Le patient a eu congé de l’hôpital au matin le lendemain de la chirurgie, puis en soirée le même jour il s’est mis à présenter de la fièvre avec de la somnolence, ce pourquoi ses parents ont appelé l’ambulance. Le patient a été amené à un centre régional puis transféré à un centre tertiaire avec de la somnolence, une tachycardie, des tremblements, un myosis, des pauses respiratoires, une cyanose buccale et même une possibilité de convulsions. Une intoxication à la morphine a été suspectée et deux doses de naloxone à 4 heures d’intervalle ont été nécessaire pour contrôler les symptômes, de même qu’une admission aux soins intensifs pour surveillance. Il a été constaté que le patient a reçu une solution orale de morphine à 5 mg/mL au lieu de 1 mg/mL, avec un volume correspondant à la dose prescrite pour la solution de 1 mg/mL; les doses administrées étaient donc de 1 mg/kg par inadvertance.

La conclusion de l’article comporte une phrase clé que je cite ici telle quelle, qui rejoint plusieurs autres articles qui ont été écrit sur le même sujet depuis les recommandations d’éviter la codéine en pédiatrie:

Depuis le retrait de la codéine des options de traitement pour les enfants de moins de 12 ans, la morphine est devenue une option intéressante pour le soulagement de la douleur. Il s’agit toutefois d’un médicament associé à un risque élevé d’erreur pouvant entraîner des conséquences graves. À la suite de la recommandation de Santé Canada, il faut se questionner pour savoir si le nombre événements évités par le retrait de la codéine en pédiatrie est plus grand que le nombre événements causés par le passage à la morphine. Étant donné la consommation croissante d’opiacés depuis le début des années 2000, l’utilisation de la morphine pour les enfants ayant subi une amygdalectomie doit faire l’objet d’une évaluation approfondie des risques et des bienfaits afin d’en justifier l’usage.

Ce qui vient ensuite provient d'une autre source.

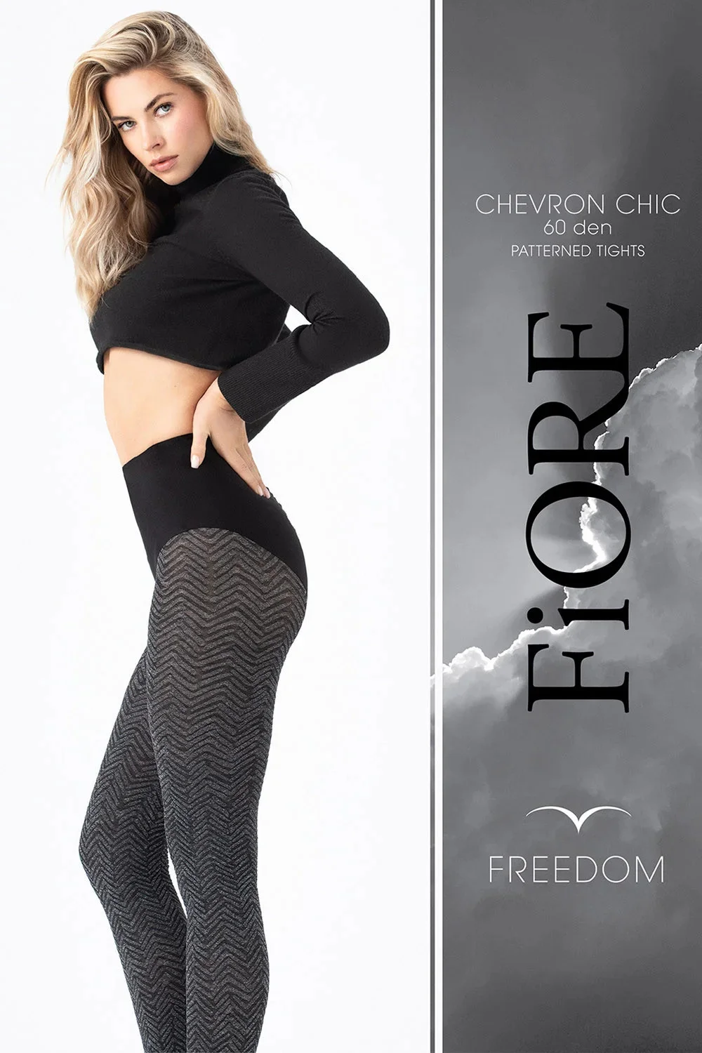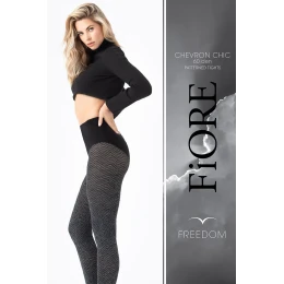 Punčochové zboží značky Fiore. Chevron Chic 60 DEN G6076 model. Výrobek je vyroben z 53 % z polyamidu, 35 % z polyesteru a 12 % z elastanu. Výrobek pro ženy. Tloušťka: 60 DEN. Žádné označené prsty.

Déclaration de conflit d’intérêt: je connais tous les auteurs de cet article mais je n’ai pas été impliqué dans son écriture ni dans le cas clinique décrit.

Articles de la semaine

ÉTATS-UNIS, PROTOCOLE ÉLECTRONIQUE POUR L’ANALGÉSIE POST-OPÉRATOIRE APRÈS AMYGDALECTOMIE

Cette étude rétrospective a évalué l’impact d’un protocole électronique (electronic order set) pour tenter de modifier les pratiques d’analgésie post-opératoire après une amygdalectomie chez des patients âgés de moins de 7 ans. Deux périodes de 18 mois, allant du 1er juin 2011 au 30 novembre 2012, puis du 1er janvier 2013 au 30 juin 2014, ont été comparées.

Le protocole pré modification comprenait de l’acétaminophène combiné à de la codéine et de l’hydrocodone ou de la codéine, tandis que le protocole post modification comprenait une combinaison d’acétaminophène et d’ibuprofène, en réponse aux avis de la FDA sur l’utilisation de la codéine en pédiatrie et à une étude récente qui a évalué l’acétaminophène et l’ibuprofène par rapport à l’acétaminophène et la morphine dans ce type de contexte.

Les taux de visites à l’urgence en post-opératoire, de même que les raisons de visites à l’urgence, et les taux de saignements étaient similaires avant et après le changement. L’utilisation d’opiacés est passée de 82 à 15% des cas avant et après le changement. Les auteurs discutent des facteurs qui selon eux ont mené à l’implantation réussie de ce protocole, notamment la facilité d’utilisation, un suivi serré des patients par téléphone après le changement pour détecter d’éventuelles complications, et l’assurance que le protocole pouvait être modifié si des effets néfastes étaient observés.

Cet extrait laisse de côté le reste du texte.